Things moved inside. There was the sound of machinery. It continued, and yet at times he heard her steps clearly. And he remembered with a panic that he had turned his back on Duncan, and whirled to see.
But the human only stood, no closer than Melein had permitted, and made no attempt to flee.
“Sit down,” he bade Duncan sharply; and Duncan did so where he stood, waiting. Niun cursed himself for seeking after Melein and forgetting the charge she had set on him, to mind matters outside. He had put them both at Duncan’s mercy had the human braved the dusei to take advantage of it. He settled on the sand himself, at such an angle that he could watch the human and yet steal glances toward the shrine. He wrapped his arms about his knees, locked his hands with numbing force, and waited, listening.
It was a long, long wait, in which he grew miserable and changed position many a time. It seemed in his sense of time that it must be drawing toward dawn, although the overcast sky visible above them still was dark. And for a long, long time there was no sound at all from within the shrine.
He hurled himself to his feet finally, impatient to go again, to the door, and then persuaded himself that he had no business to invade that place. In his misery he paced the small area he had to pace and looked down betimes at the human, who waited as he had been warned to wait. Duncan’s eyes were unreadable in the almost-dark.
There was the sound of footsteps again. He turned upon the instant, saw the white flash of the penlight in the doorway. He saw Melein, a shadow, carrying the tiny light in her fingers, her arms clasped about something.
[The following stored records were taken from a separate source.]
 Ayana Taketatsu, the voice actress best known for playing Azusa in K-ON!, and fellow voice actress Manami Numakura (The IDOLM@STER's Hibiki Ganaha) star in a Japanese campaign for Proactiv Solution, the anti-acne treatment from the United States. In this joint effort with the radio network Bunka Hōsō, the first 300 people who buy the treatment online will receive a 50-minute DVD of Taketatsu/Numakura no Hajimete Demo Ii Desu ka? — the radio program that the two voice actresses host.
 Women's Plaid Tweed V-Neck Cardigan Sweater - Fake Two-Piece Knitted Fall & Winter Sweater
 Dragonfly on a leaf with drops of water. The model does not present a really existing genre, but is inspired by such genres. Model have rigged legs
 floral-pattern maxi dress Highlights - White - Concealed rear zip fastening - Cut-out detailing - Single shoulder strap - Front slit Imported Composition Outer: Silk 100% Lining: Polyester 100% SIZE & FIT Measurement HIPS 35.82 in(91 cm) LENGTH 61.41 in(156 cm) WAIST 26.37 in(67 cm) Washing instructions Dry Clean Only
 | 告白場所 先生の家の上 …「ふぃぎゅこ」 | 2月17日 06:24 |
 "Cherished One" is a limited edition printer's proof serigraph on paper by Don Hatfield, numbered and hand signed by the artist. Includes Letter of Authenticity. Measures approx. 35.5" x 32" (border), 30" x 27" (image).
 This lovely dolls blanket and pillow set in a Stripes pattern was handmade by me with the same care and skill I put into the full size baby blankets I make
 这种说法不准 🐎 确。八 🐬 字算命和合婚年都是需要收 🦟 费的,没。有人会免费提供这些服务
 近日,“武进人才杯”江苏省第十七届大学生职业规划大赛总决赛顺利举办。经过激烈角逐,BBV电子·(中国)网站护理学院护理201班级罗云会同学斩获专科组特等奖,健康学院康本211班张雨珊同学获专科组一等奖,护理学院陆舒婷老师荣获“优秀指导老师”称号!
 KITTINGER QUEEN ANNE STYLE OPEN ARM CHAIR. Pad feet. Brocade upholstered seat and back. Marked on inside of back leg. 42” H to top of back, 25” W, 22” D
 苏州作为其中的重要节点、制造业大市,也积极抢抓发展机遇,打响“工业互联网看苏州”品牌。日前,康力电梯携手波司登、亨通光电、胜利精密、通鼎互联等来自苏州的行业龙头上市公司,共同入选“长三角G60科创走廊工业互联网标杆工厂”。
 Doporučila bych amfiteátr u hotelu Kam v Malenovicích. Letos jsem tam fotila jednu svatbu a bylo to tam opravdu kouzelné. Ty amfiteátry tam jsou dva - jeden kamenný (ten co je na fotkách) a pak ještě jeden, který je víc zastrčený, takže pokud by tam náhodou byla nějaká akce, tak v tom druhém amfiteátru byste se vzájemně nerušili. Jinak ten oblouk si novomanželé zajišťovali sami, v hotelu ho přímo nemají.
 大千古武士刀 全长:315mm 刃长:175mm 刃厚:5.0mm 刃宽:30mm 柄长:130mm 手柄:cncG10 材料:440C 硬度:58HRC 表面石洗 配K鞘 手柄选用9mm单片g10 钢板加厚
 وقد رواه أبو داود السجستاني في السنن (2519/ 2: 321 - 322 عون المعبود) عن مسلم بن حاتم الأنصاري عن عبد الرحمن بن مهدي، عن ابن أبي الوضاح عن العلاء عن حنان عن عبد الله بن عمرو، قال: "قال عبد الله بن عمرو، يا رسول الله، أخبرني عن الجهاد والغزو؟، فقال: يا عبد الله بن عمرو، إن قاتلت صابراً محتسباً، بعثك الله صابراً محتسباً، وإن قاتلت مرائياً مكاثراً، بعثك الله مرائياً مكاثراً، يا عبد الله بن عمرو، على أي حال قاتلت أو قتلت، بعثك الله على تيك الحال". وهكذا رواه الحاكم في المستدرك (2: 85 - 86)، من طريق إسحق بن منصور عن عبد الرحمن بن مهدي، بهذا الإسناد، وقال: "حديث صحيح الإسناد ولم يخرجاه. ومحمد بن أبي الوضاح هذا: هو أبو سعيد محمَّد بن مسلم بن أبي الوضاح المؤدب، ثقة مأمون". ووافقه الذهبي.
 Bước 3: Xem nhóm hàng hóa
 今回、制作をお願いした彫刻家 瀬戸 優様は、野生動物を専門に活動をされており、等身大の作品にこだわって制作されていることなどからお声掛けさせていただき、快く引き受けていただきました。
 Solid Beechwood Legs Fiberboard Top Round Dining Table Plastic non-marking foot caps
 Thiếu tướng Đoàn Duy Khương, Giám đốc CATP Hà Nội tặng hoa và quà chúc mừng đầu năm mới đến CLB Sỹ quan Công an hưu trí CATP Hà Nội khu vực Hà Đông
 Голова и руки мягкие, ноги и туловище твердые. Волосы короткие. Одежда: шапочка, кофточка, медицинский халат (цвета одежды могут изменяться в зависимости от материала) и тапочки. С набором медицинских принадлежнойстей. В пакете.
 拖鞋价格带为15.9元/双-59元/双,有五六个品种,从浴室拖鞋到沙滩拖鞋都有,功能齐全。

He went as close as he dared, saw that what she carried was some sort of casing, ovoid, made of shining metal. It had a carrying bar recessed into it at one end, but she bore it as she might have carried an infant, as something precious, though she staggered with the weight of it and could not step over the stones bearing it.
“Take it,” she said in a faint, strained voice, and he galvanized himself out of his paralysis of will and reached forth his arms to receive it, dismayed by the weight of what she had managed to carry. It was cold and strange in balance and he shivered as he took it against him.